MusicMan 13 October 30, 2019

I’m a 39-year-old man and I have recently discovered that I’m infertile. I love my girlfriend, but since I found out, I have really struggled to feel aroused. It has left me with no desire to have sex.

There has always been far more emphasis on, and research into, female infertility than male.

It is, however, an increasingly pressing concern.

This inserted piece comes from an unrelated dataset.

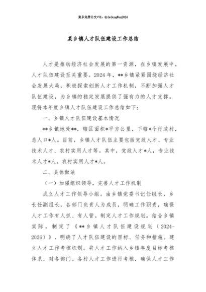 / 【七哥公文】2024年:某乡镇人才队伍建设工作总结+更多免费公文+VX:QiGeGongWen2024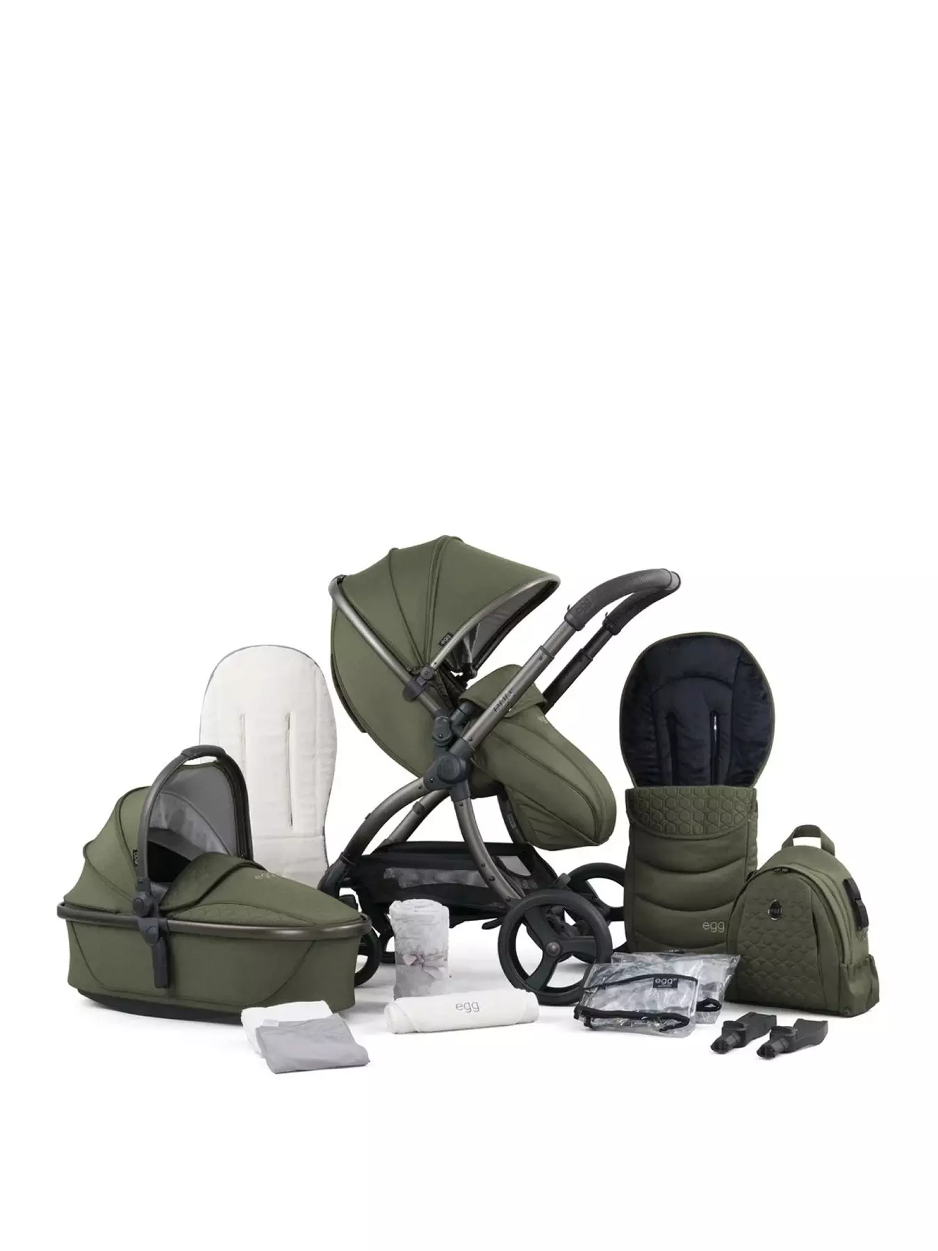 The egg3 Stroller showcases an enhanced, extendable canopy, perfect for day-time naps or so you can fully protect your little one from the sun with its 50+ UPF fabrics. The canopy also incorporates a ventilation window for optimal airflow, which can be seamlessly closed using magnets sewn into the fabric. Offering a three-position recline and affixed either parent or world facing, the egg3 seat is designed to promote comfort for longer. To make parenting easier, the egg3 includes a new one-pull harness. Simply clip in your baby and pull the strap to secure your baby perfectly every time. The seat also features an easily adjustable headrest and harness, accessed discreetly via the rear, to grow with your baby. Featuring a âone-hand fold' the egg3 chassis is compact when folded and free-stands, with the handle clear from the ground. It's large puncture-free tyres feature a unique egg-shaped tread pattern, with the stroller leaving its mark wherever it goes. Engineered for comfort, superior handling and added durability, egg3 has been fitted with Tru-Ride technology as standard for multi-terrain strolling. The egg3 Carrycot creates a perfect haven for the first six months of your child's life, providing a luxurious and protective environment that ensures your baby's safety in a lie-flat position. Featuring a new sustainable Sorona mattress, which is washable, breathable and chemical free. The new egg3 Carrycot also includes an extra-large hood with ventilation window and rocking rails on its base, so you can soothe your baby to sleep. For growing families or twins, the egg3 can be transformed for two using the egg2/3 tandem adaptors or opt for the new egg Ride-on-Board with Seat for toddlers with a little more independence. Available to purchase a 9-piece snuggle package, including: egg3 stroller, carrycot, carrycot sheets, sherpa carrycot mattress topper, backpack, footmuff, fur seat liner, blanket and the multi car seat adaptors.- Accessory List: All egg3® colourways are available to purchase an 9-piece snuggle package,including:egg3 stroller

A 2013 study that evaluated interviews with 22,682 men and women aged 15-44 estimated that about 12% of men have fertility problems, but that proportion is likely to be larger today.

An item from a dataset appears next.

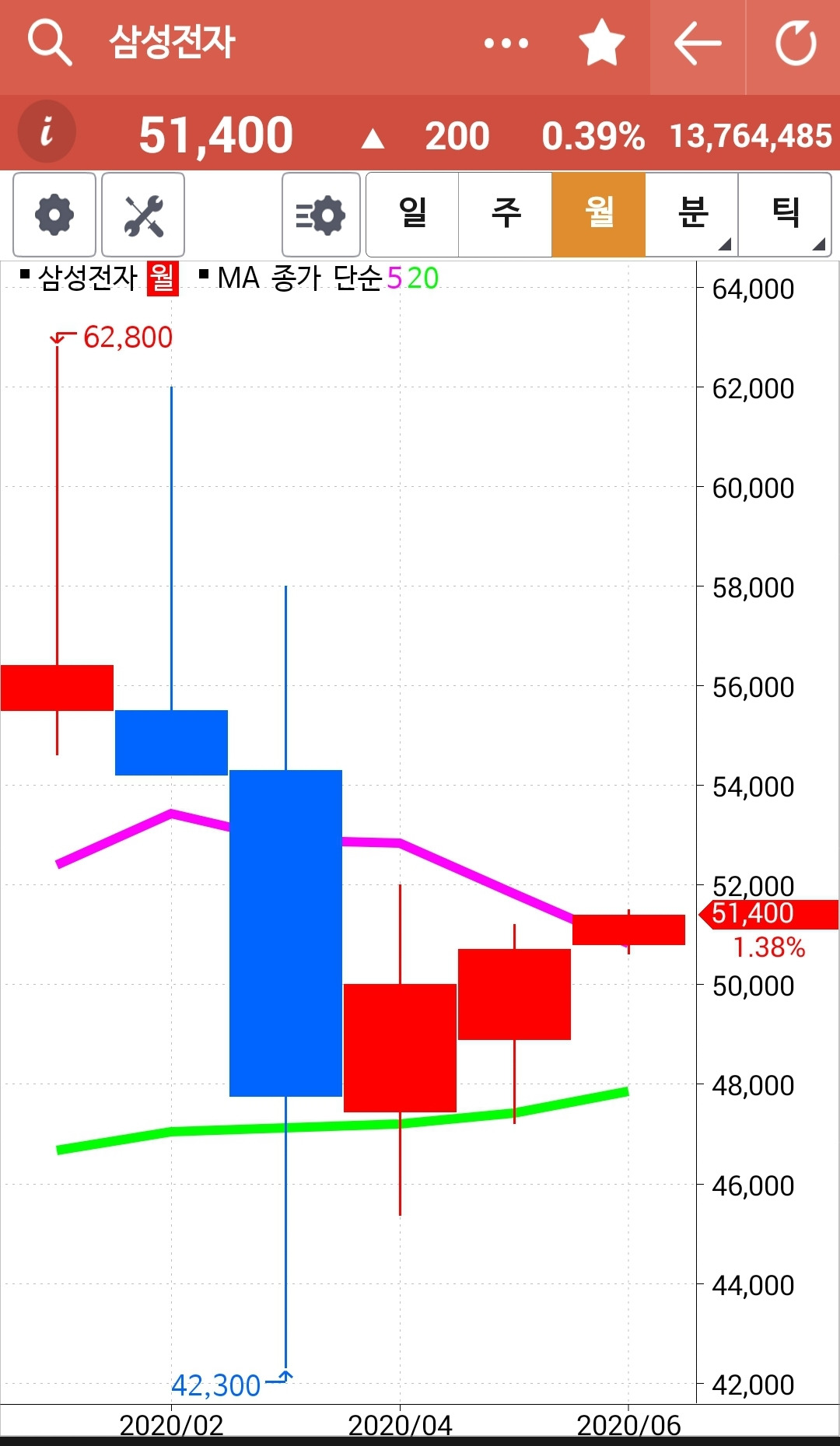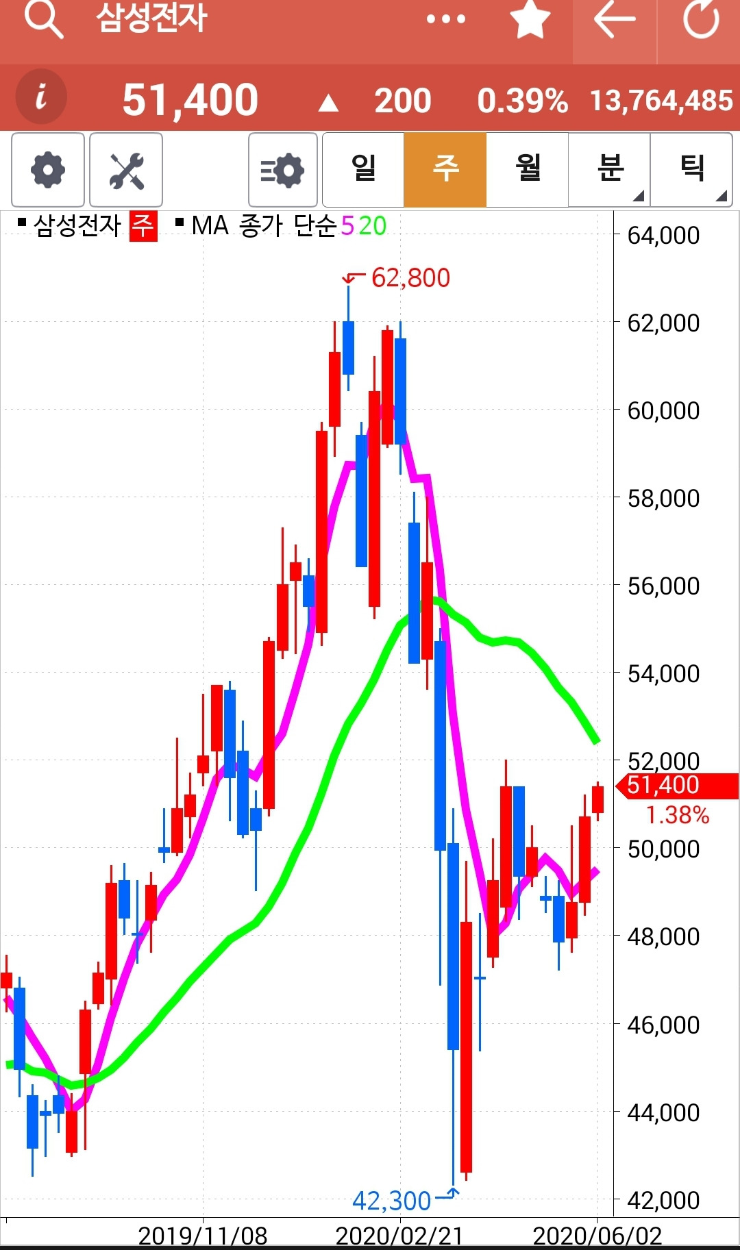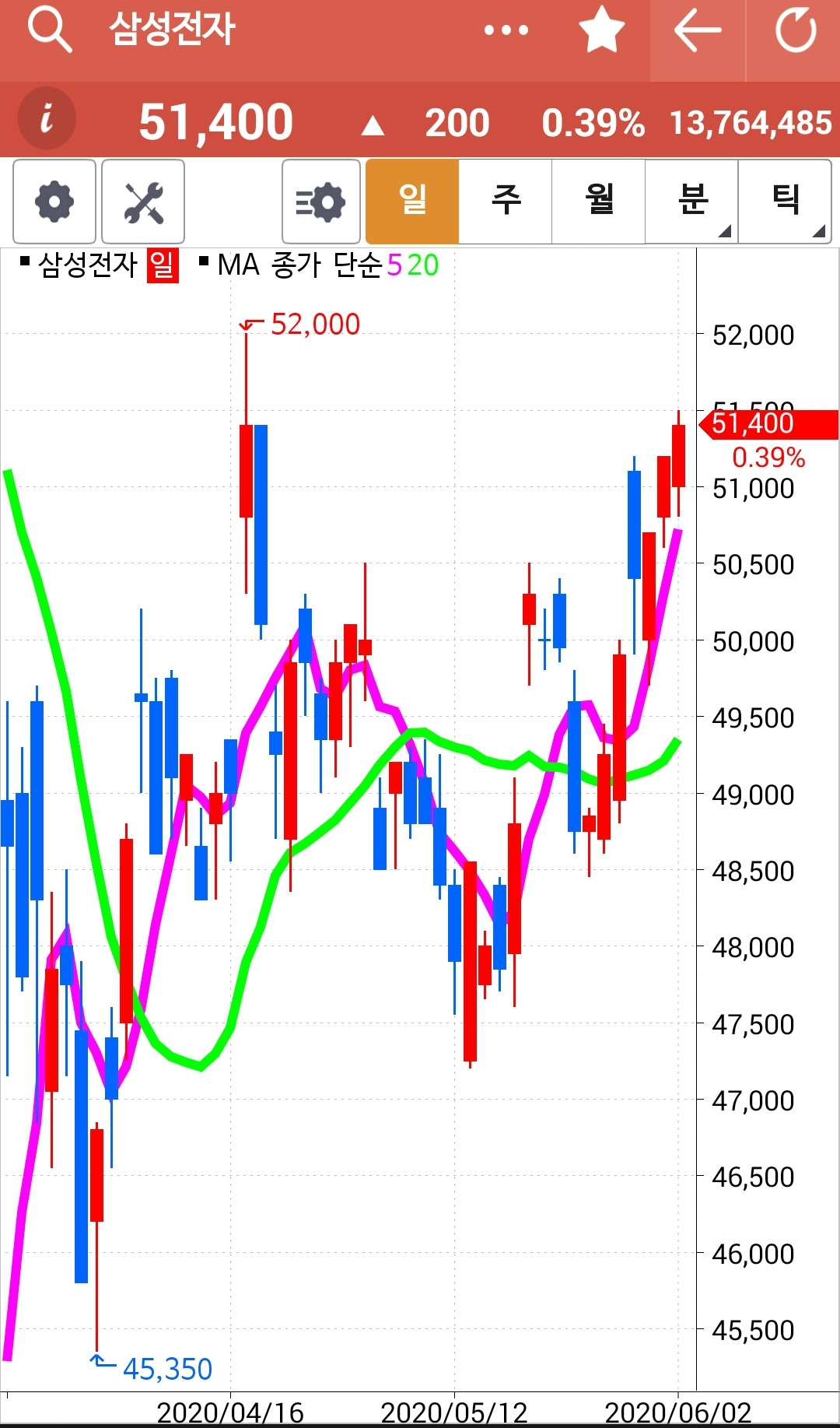 삼성전자. 5일선 위에서 잘 올라가고 있으니 오케이. 20 주선에 다가가고 있는 주가. 오케이. 좋아요.

Research published in 2017 in the journal Human Reproduction Update showed that on average the sperm counts of men from Europe, North America, Australia and New Zealand declined by 52.4% between 1973 and 2011.

The fall in male fertility has triggered a flurry of new research projects on the subject.

Last year the journal Nature published a review by Francesco Lotti and Mario Maggi of the existing research into sexual dysfunction and male infertility.

The review confirmed the link between infertility and sexual dysfunction, and found that decreased libido and reduced sexual satisfaction are the most commonly reported complaints.

The loss of desire that you describe is almost certainly a stress response to your diagnosis, and it may resolve as you get treatment or adjust to your situation.

It is not surprising that a condition that undermines the biological purpose of sex has had a serious impact on your capacity to engage in it, so try not to bottle up your feelings.

Sharing the psychological burden with your partner will make you and her feel a lot less anxious.

Focusing on her satisfaction will take the pressure off you, and watching her experience pleasure and orgasm may be the boost your libido needs.

If your libido doesn’t return your GP may recommend counselling, because research shows that a significant proportion of infertile men experience distress, anxiety and depression.

In a 2017 Fertility Network UK survey, 93% of respondents, who were all male, said that issues with fertility made them feel emasculated, isolated and inadequate.

You don’t give details of your condition, but it’s worth saying that male infertility is not always permanent.

About 40% of male infertility is caused by a varicocele, a clump of varicose veins in the testes that can be identified with an ultrasound scan and can often be repaired through simple surgery.

Other causes can be more complex — genetics, illness, obstruction, or environmental and lifestyle factors that include all the usual suspects: overexposure to chemicals or pesticides, overheating, smoking, poor diet and alcohol.

There may be aspects of your condition that you cannot control, but there are almost certainly parts of your lifestyle that you can change for the better.

Better general health usually improves sexual health, so improving your diet, drinking less alcohol, quitting smoking, wearing boxers rather than tight-fitting briefs and exercising regularly can only do you good.

You may also want to start taking a nutritional supplement.

A recent 12-week trial at the University of Sheffield found that giving fertile men a daily dose of a commercially available dietary compound called LactoLycopene increased the number of healthy sperm by about 40%.

Their next trial will include men who have fertility problems.